5/ Prise de conscience et mouvement collectif de la défense du droit à l’alimentation
L’expérience partagée avec la communauté de Cartagena, constitue un exemple régional que nous avons amplifié sur d’autres territoires (Antioquia et Cauca), dans le but de constituer des collectifs politisés autour d’une action commune, capables de plaidoyer au niveau local, dans le but de faire valoir et de protéger leurs droits. Le droit à une alimentation et une nutrition adéquates servant ici de catalyseur pour réclamer d’autres droits humains.
En guise de conclusions ouvertes
Le succès de ce processus collectif, mené autour d’une communauté éducative à Cartagena en Colombie, montre bien que le sens commun et les connaissances portées par les représentations sociales, ne sont pas complètement anéantis par l’influence des pressions publicitaires et médiatiques. Il montre également que les ressources traditionnelles, réappropriées à travers des exercices de mémoire collective et de pratiques sociales, sont une riche possibilité de lutte contre la dépossession symbolique et réelle des territoires, des corps et des cultures.

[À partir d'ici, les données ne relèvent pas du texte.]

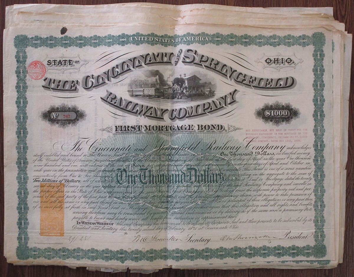 Ohio, 1871. Group of 25 bonds, all: $1000 I/C 7% First Mortgage Bonds, Black text with green border and undertint, Train arriving at station at top center. Orange imprinted revenue stamp at left, POCs. Fine condition. Several bonds are signed by Augustus Schell as Vice President on back. Augustus Schell (August 1, 1812 Ð March 27, 1884) was a New York politician and lawyer. He was Chairman of the Democratic National Committee from 1872 to 1876. (25)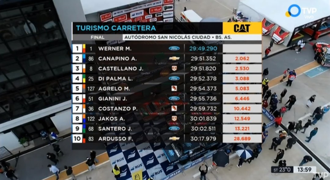 De esta manera, Mariano Werner marcó la serie más rápida con 5:50.560, mientras que Juan Martín Trucco hizo 5:54.115. Canapino fue el protagonista de la más lenta marcando 8:00.514.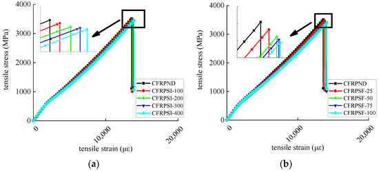 Stress–strain curve of CFRP sheet: (a) chlorine salt immersion environment and (b) salt-freeze coupled environment.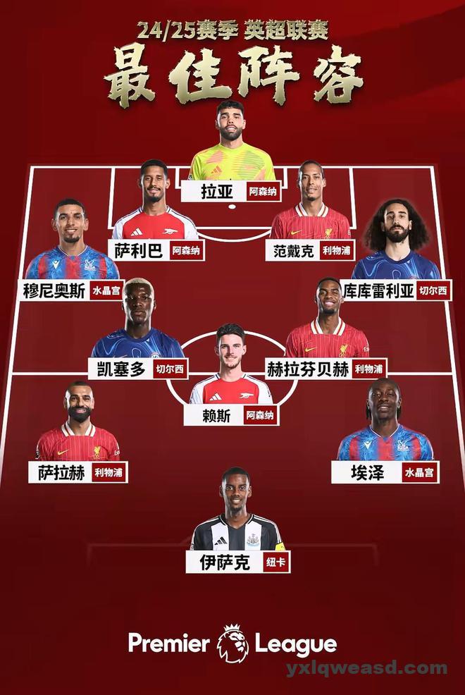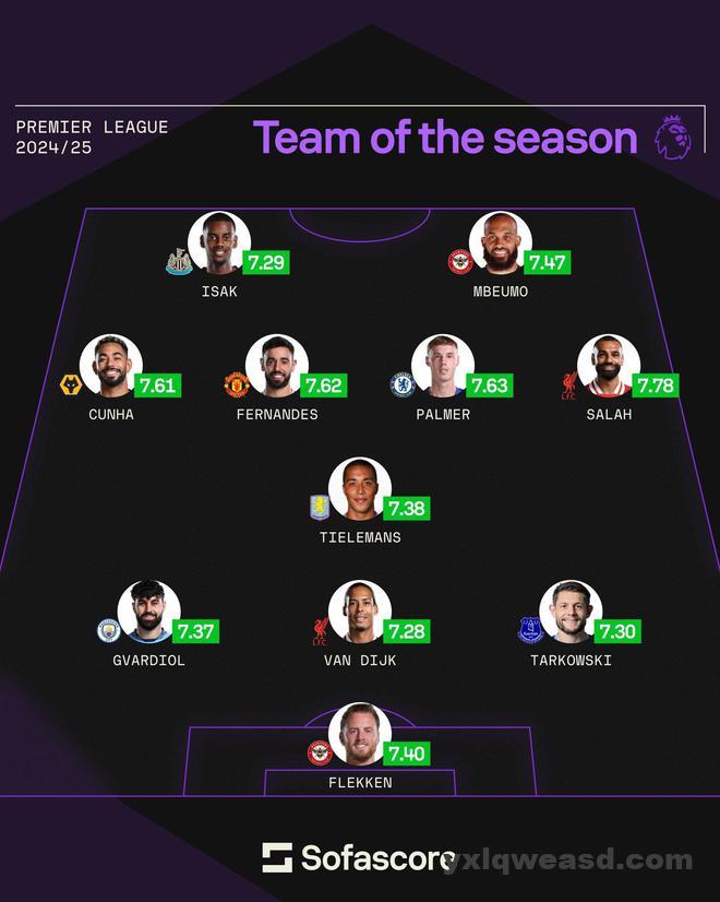 近日,知名足球数据网站Sofascore公布了其评选的24/25赛季英超最佳阵容。伊萨克、萨拉赫、帕尔默等一众攻击手领衔,英超亚军阿森纳无人入选。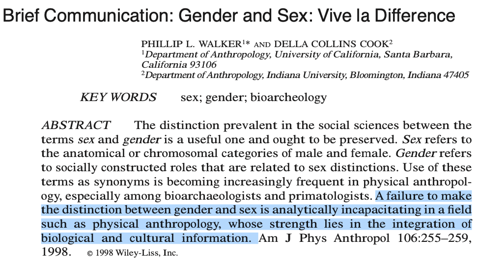 For Fuentes, a biocultural account of gender and sex requires deliberately conflating these distinct concepts as “gender/sex” to “reflect the intertwined biocultural reality of bodies and experiences more accurately. (p. 45)” Biological anthropologists Phil Walker and Della Cook (1998) critique this approach better than I could: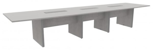 The laminate conference table has aluminum accented panel bases and built-in grommets with soft-touch aluminum covers. It’s available in different sizes with your choice of finish, Blanc De Gris shown. Quality guaranteed by a limited lifetime warranty.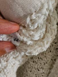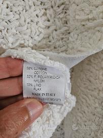 Nuovissimo cardigan Base Milano in lino e cotone Colore bianco Chiusura con automatici a scomparsa Maniche 3/4 Taglia 44 ma veste una taglia 42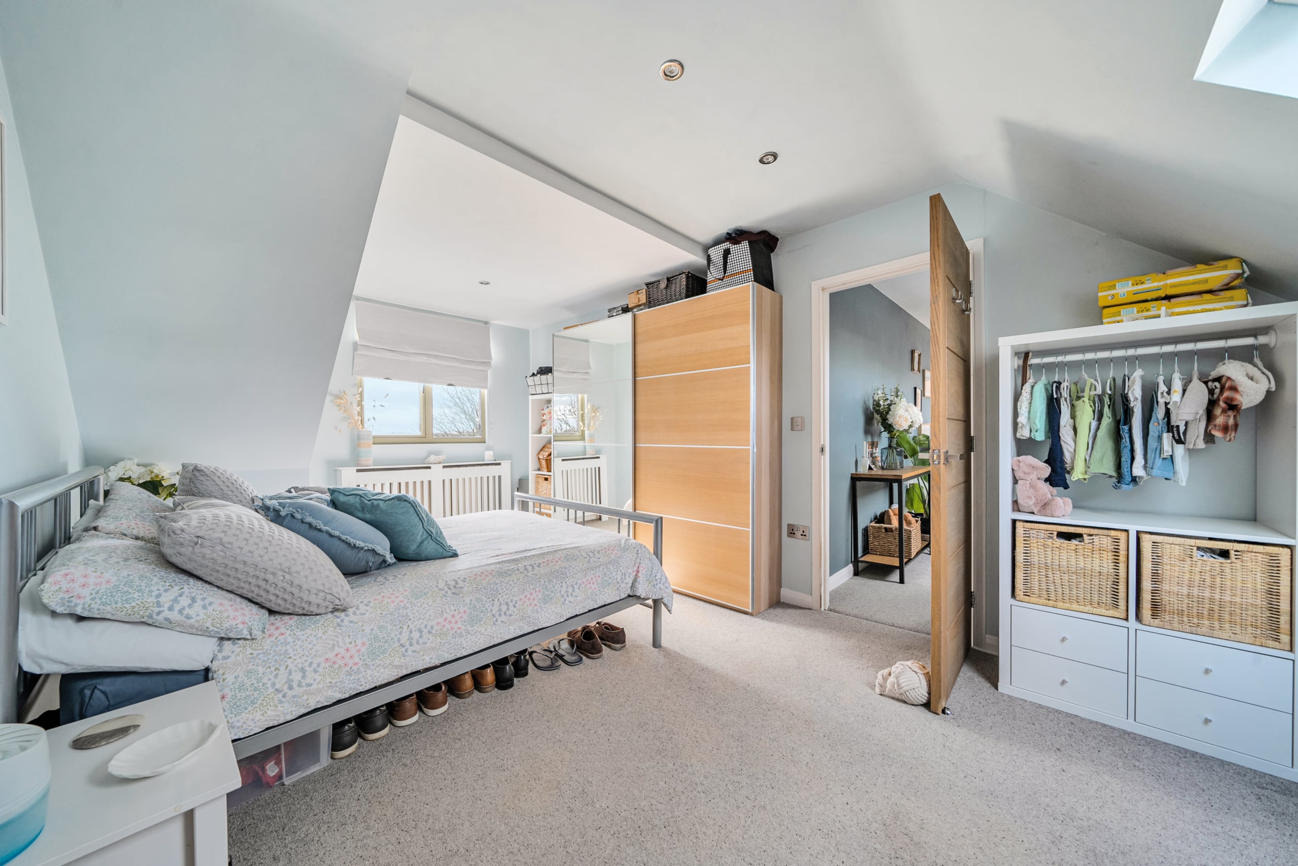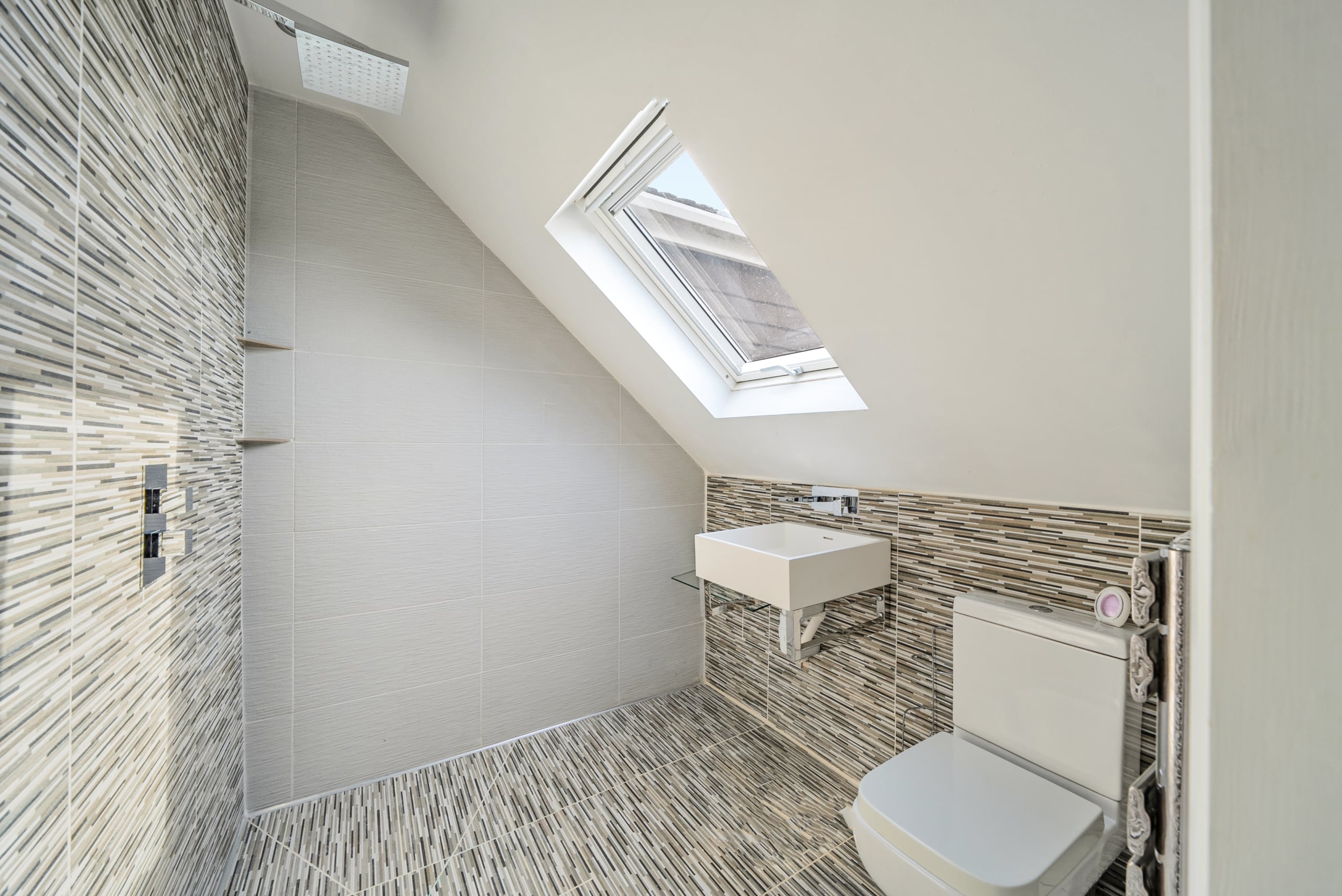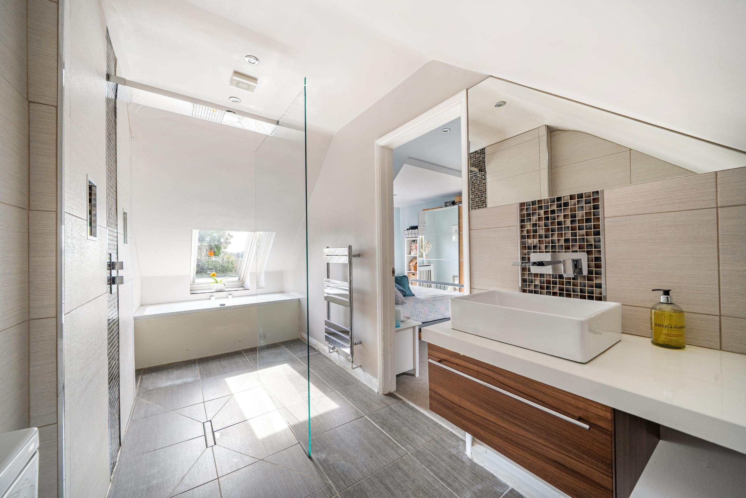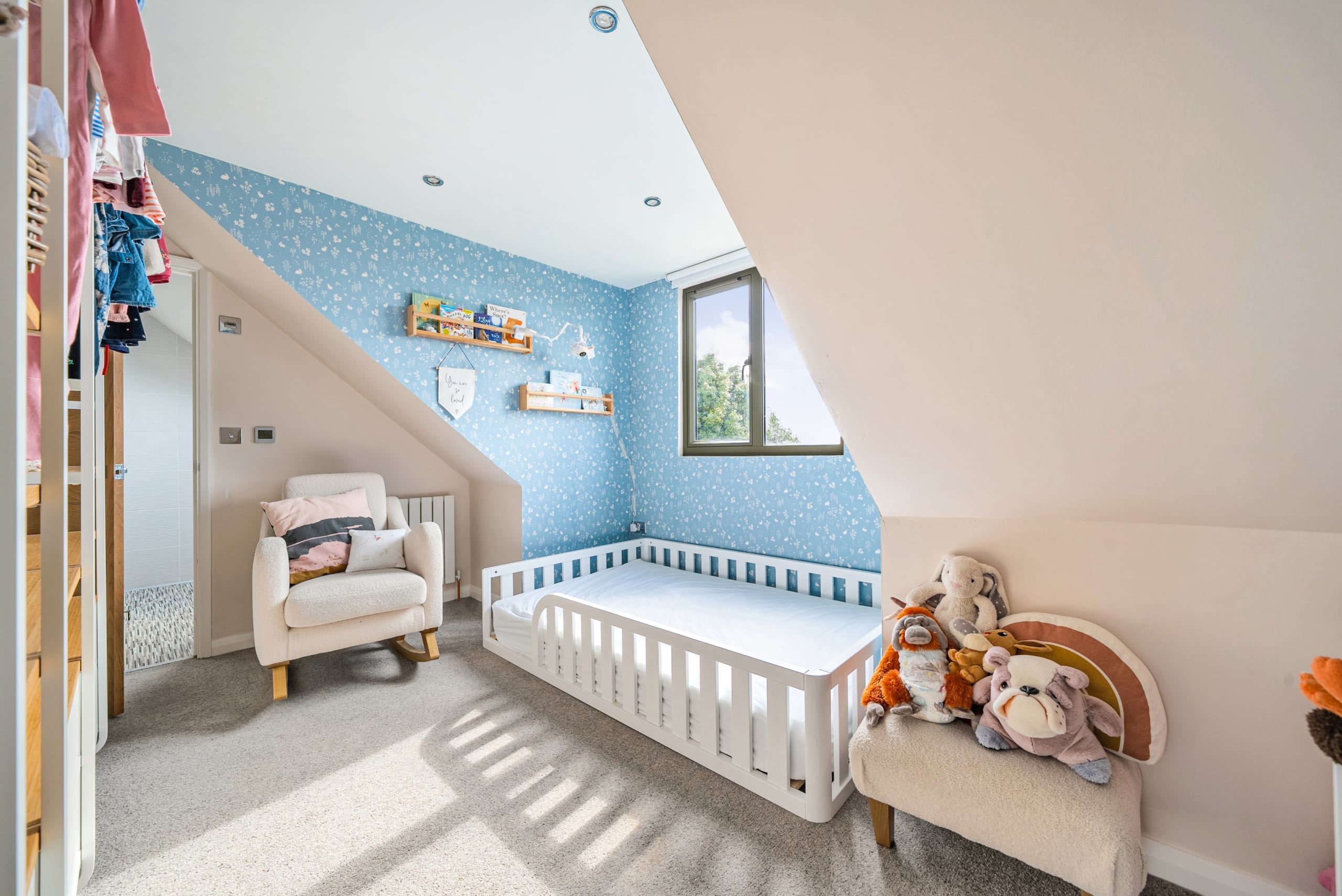 The striking floating wood and glass staircase leads to the first floor, where a spacious landing connects three generous double bedrooms, all with stylish en-suite facilities. The two principal bedrooms feature bath and wet-room shower suites, while the third enjoys a sleek wet-room en-suite. All bathrooms benefit from underfloor heating for added comfort.

Les points de rencontre avec cette communauté et le rattrapage de ses valeurs culturelles, ont été la source du plaidoyer qui a mené à une stratégie collective de défense du droit à une alimentation et une nutrition adéquates. Cette stratégie collective a ensuite mené à un engagement des acteurs politiques et des preneurs de décisions, qui a conduit à un accord du conseil de la ville pour le contrôle de la capture industrielle des espaces scolaires en Colombie. Il est possible de penser que cette expérience est reproductible ailleurs et une source d’espoir face à l’expansion des régimes agro-industriels coporatistes partout dans le monde [10].